Aspose.PDF - Getting Character Coordinates for Vertical Text - Problems

Version Aspose.PDF.dll - 10.7.0.0 (.NET)


Goals

  1. Calculate per-character text position (x, y, width, height)
  2. Extract text flow direction (is text flowing left-to-right, top-to-bottom, right-to-left or bottom-to-top, or some other angle)?

Repro

  1. Download PDF: VerticalText.pdf (146.8 KB)
  2. Open in aspose and run code like this:

// Make text fragment absorber to grab page text.
var textFragmentAbsorber = new Aspose.Pdf.Text.TextFragmentAbsorber(); textFragmentAbsorber.ExtractionOptions.FormattingMode = Aspose.Pdf.Text.TextOptions.TextExtractionOptions.TextFormattingMode.Pure;

// Grab text
doc.Pages[1].Accept(textFragmentAbsorber);

// Iterate over text char by char.
foreach (Aspose.Pdf.Text.TextFragment (fragText in textFragmentAbsorber) {
foreach (Aspose.Pdf.Text.TextSegment (segText in fragText) {
for (int iChar = 1; iChar <= segText.Text.Length; iChar++) {
Aspose.Pdf.Text.CharInfo charInfo = segText.Characters[iChar];
char ch = segText.Text[iChar - 1];
}
}
}

If you look at the charInfo content you’ll see something like:

  • charInfo.Position.XIndent 709.3 double
  • charInfo.Position.YIndent 539.97999996688 double
  • charInfo.Rectangle.Width 7.5116190600965638E-08 double
  • charInfo.Rectangle.Height 1.4572799500456313E-07 double

Results

  • The width/height are nearly zero. This isn’t correct.
  • I can’t find a property on TextFragments or TextSegments that tell me what the actual text flow direction is (e.g. 0 degrees, 90 degrees, etc.).

Expected

  • The width/height params are reasonable
  • The x/y indent are correct for all chars after the first.
  • I don’t see any property that tells me the text direction

Things I’ve tried

  • Raw and Pure TextFormattingMode
  • Used AbcPdf module. It correctly returns coordinates and direction of text flow (e.g. 0, 90, 180, 270 degrees).

Closing
Any help with figuring out how to extract the text flow and coordinates of vertical text would be greatly appreciated. If this is something that’s not yet supported, then if you have any idea when it might be implemented, please include that.

Thanks!

@BustaPose

Thanks for contacting support.

I have tested the scenario with your PDF while using Aspose.Pdf for .NET 17.7 and observed that the values which API returned, were different than those of you shared. Please check the following values which I have observed in our environment.

Position
XIndent = 712.05999999046321
YIndent = 539.97999996688

Rectangle
Height = 12.143999958038307
Width = 7.5116190600965638E-08

Furthermore, with the latest version of the API, you may also determine or set the rotation of the TextFragment by specifying TextFragment.TextState.Rotation property. I have also tried to determine the rotation of the text inside your PDF, but API was not returning correct value. Hence I have logged an issue as PDFNET-43095 in our issue tracking system.

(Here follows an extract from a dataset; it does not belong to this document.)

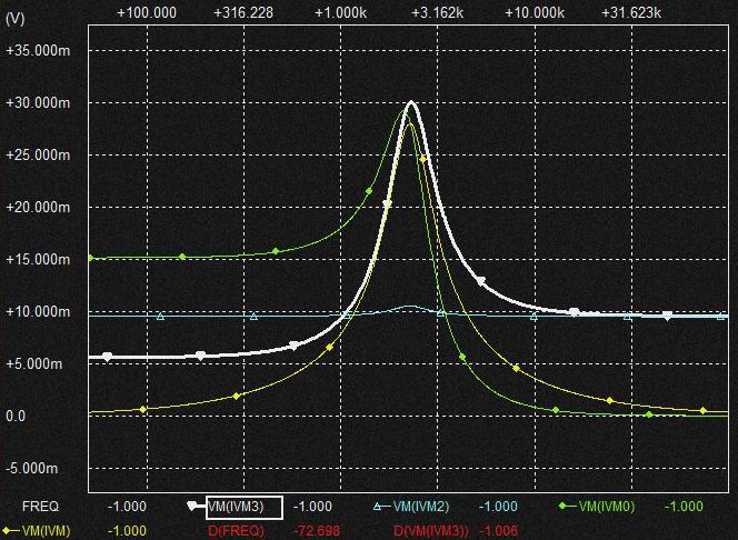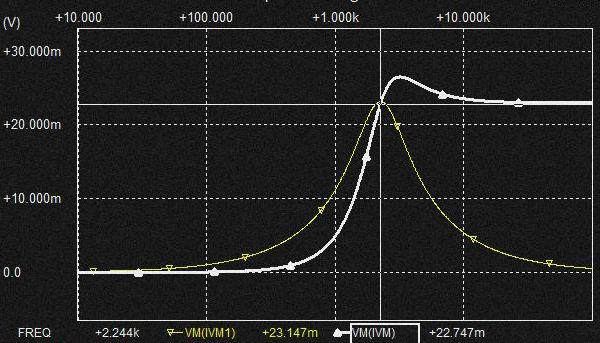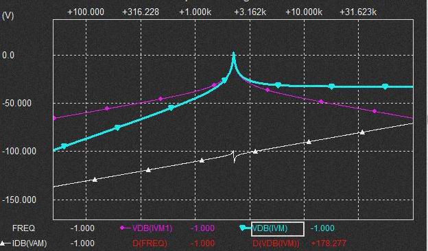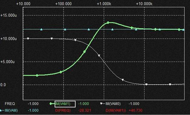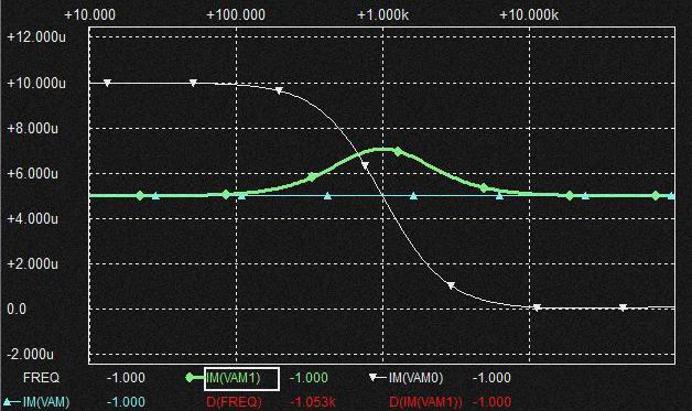 0.02uFの Cap.を流れる電流は上記と同様棚部分がとれてLPFからHPFに変化しており上図ではわかりにくいですがSlopeは2次特性になるのでCap.電圧はQの低いBPF特性となります。

We will further investigate the issue and keep you posted with the status of its correction. Please be patient and spare us little time. We are sorry for the inconvenience.

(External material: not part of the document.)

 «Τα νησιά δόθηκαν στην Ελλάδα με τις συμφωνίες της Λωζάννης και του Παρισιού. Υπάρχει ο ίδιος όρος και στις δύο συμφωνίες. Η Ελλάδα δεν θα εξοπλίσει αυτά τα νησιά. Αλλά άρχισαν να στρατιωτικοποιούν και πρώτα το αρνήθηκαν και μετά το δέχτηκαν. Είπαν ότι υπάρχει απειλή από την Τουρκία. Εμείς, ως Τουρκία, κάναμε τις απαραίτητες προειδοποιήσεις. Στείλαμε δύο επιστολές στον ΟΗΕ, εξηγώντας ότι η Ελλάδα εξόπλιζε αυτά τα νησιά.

Thank you for the quick reply, Asad.

Your height looks much better, (glad to see that) but the width still looks wrong (it’s almost 0). Would you agree that this seems like another issue that needs to be bugged?

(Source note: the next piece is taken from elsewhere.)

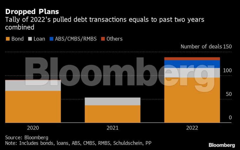 Περίπου 140 προσπάθειες άντλησης κεφαλαίων συνολικής αξίας τουλάχιστον $75 δισεκατομμυρίων ακυρώθηκαν φέτος, αγγίζοντας σχεδόν το σύνολο των δύο προηγουμένων «πανδημικών» ετών, σύμφωνα με πρόσφατη ανάλυση του Bloomberg.

And thank you for taking a look at this! I’m looking forward to the updates.

@BustaPose

Thanks for writing back.

I have generated an investigation ticket as PDFNET-43096 in our issue tracking system against the issue that width of characters is being returned as almost zero. Product team will further investigate it and we will keep you updated on the status of its resolution. Please be patient and spare us little time.

We are sorry for the inconvenience.

The issues you have found earlier (filed as PDFNET-43095,PDFNET-43096) have been fixed in Aspose.PDF for .NET 19.11.